Nein, nicht die allseits bekannte Eiskönigin Elsa lässt die Bühne der fast ausverkauften Stadthalle 1 am Sonntagnachmittag gefrieren. Die Schneekönigin, das Original aus der Feder des dänischen Märchenschreibers Hans Christian Andersen, lässt die Menschen um sich herum bibbern, ja sogar zu Eisblöcken erstarren.
Nur der freundschaftlichen Liebe, die Gerda antreibt und den Mut in ihr wachsen lässt, um ihren vermissten Freund Kay zu suchen und zu befreien, ist es zu verdanken, dass sich am Ende auch die Schneekönigin von ihrer warmen Seite zeigt.
Mit dem Lied „Überall ist Schnee“ heißen die Darsteller des Theaters Liberi ihr Publikum – meist Mädchen ab vier Jahren mit Eltern oder Großeltern – willkommen. Die Kombination aus dem spartanischen Bühnenbild, das spitzige Eisblöcke darstellt, und den wollig-molligen Schals und Mützen, welche die Künstler tragen, lässt das Publikum gedanklich in ein Winterwunderland abschweifen. Doch ein Schneesturm zieht auf. Gerdas Mutter holt eine leuchtende Kugel hervor, erzählt den Kindern von der sagenumwobenen Schneekönigin – und schwuppdiwupp verliert sich Kay in der eiskalten (Traum-)Welt, in der er König an der Seite der frostigen Regentin sein darf. Nur die Nähe zu ihr setzt auch dem Burschen zu, wie an seiner rechten Hand, die langsam, aber sicher gefriert, zu erkennen ist.
Gerda und die Kuschelhäsin auf dem Weg zur Schneekönigin
Gerda ist der Meinung, die Schneekönigin habe ihren Freund Kay entführt. Sie macht sich auf die Reise. Ihre schüchterne Art ähnelt an Alice im Wunderland; die kuriosen Figuren, denen sie in der rund zweistündigen Aufführung begegnet, ebenso. Mit der zum Leben erwachten Kuschelhäsin Mila, die frech nach vorne geht und Gerda bis zum Reich der Schneekönigin den Weg aufzeigt, hat sie eine treue Begleiterin. Mila ist es auch, die das Publikum auflachen lässt, als sie versucht, die Gefahr zu wittern.
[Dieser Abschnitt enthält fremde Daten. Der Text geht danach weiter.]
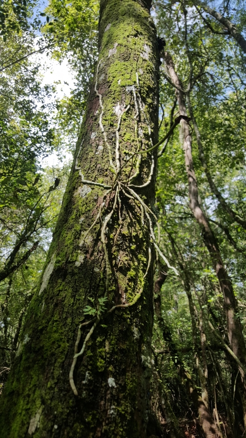 Large ghost orchid on side of tree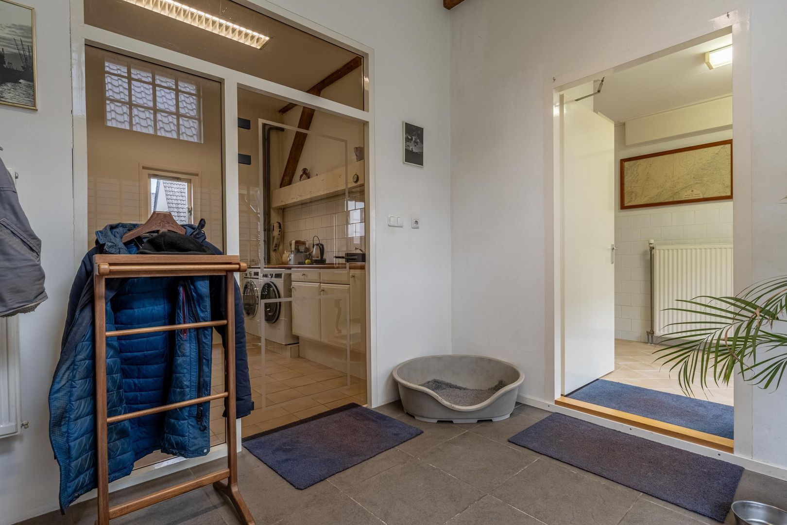 Ook is er (vanuit de hal) een deur naar een extra ruimte met openslaande deuren en een onbenoemde ruimte (met aansluitingen voor de wasapparatuur). Feitelijk bevinden deze ruimtes zich al in de oorspronkelijke schuur.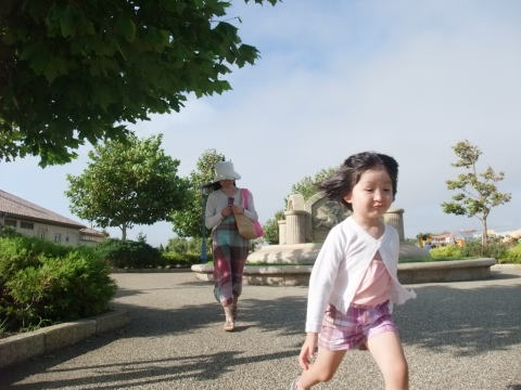 お昼は依亜のリクエストで回転寿司へ。ここでもママはお茶が美味しくかったのですが、お寿司はあまり食べられませんでした。食後、回転寿司から近いおもちゃ屋さんで依亜を遊ばせることに。しかし、ママは頭が痛く、とても一緒に付き合えないので、ベンチに座って待っていることにしました。お腹も頭も少し痛く、ベンチに横たわりたい気分でした。飲み物をすぐそこの自動販売機で買いたかったけれど、立ち上がる気力もなく、ただただ座って日陰で風に当たっていました。

Dafür bohrt das Häschen im Näschen, riecht an einem Popel und verspeist diesen – mit der Schlussfolgerung, dass Kay noch zu weit weg sei, um die Witterung aufzunehmen.
Immer wieder erweitern Lichter und Schatten das Bühnenbild, Rauch zieht über die ersten Reihen im Saal hinweg. Die Spezialeffekte unterstreichen die Geschichte, die teils gesungen, teils erzählt wird. Die ausgeglichene Abwechslung ermöglicht es auch Kindergartenkindern, der Story im Allgemeinen folgen zu können. Dazwischen sorgen ulkige Gestalten, die in eine Klobürste singen oder eine bunt gekleidete Frau, die mehrmals dem Sekundenschlaf verfällt, für erheiternde Momente. Am gruseligsten wirken anfangs noch die grünhaarigen Schlawuzis, die wiederum an an einen Umpa-Lumpa aus Charlies Schokoladenfabrik erinnern. Deren Anführer Joe könnte für einen Angstmoment sorgen – doch dessen Piepsstimme belustigt auch die jüngsten Besucherinnen.
Schneekönigin in zwiespältigem Licht
Der zweite Teil gestaltet sich tiefsinniger: Die Schneekönigin erscheint in einem zwiespältigen Licht. Denn sie ist nicht von Grund auf böse, sondern in der Vergangenheit ausgegrenzt worden – und schottet sich seitdem in ihrem Eispalast von den Menschen ab. Sie ringt mit sich selbst, schließlich hat sie Kay liebgewonnen, möchte ihn aber nicht ungewollt zu einem Eisklumpen verwandeln. Sie lebt in vermeintlicher Freiheit – in Wahrheit aber allein hinter Gittern aus Eis.
Dem Theater Liberi gelingt es unter der Regie von Carolin Pommert und der Gesamtleitung von Lars Arend, das vergleichsweise komplizierte Märchen „Die Schneekönigin“ in ein farbenfrohes Musical zu packen – und es damit der breiten Masse zugänglich zu machen. Das Team tourt aktuell mit dem Stück durch ganz Deutschland und Österreich. Auf der Homepage www.theater-liberi.de/musicals/schneekoenigin finden sich weitere Termine.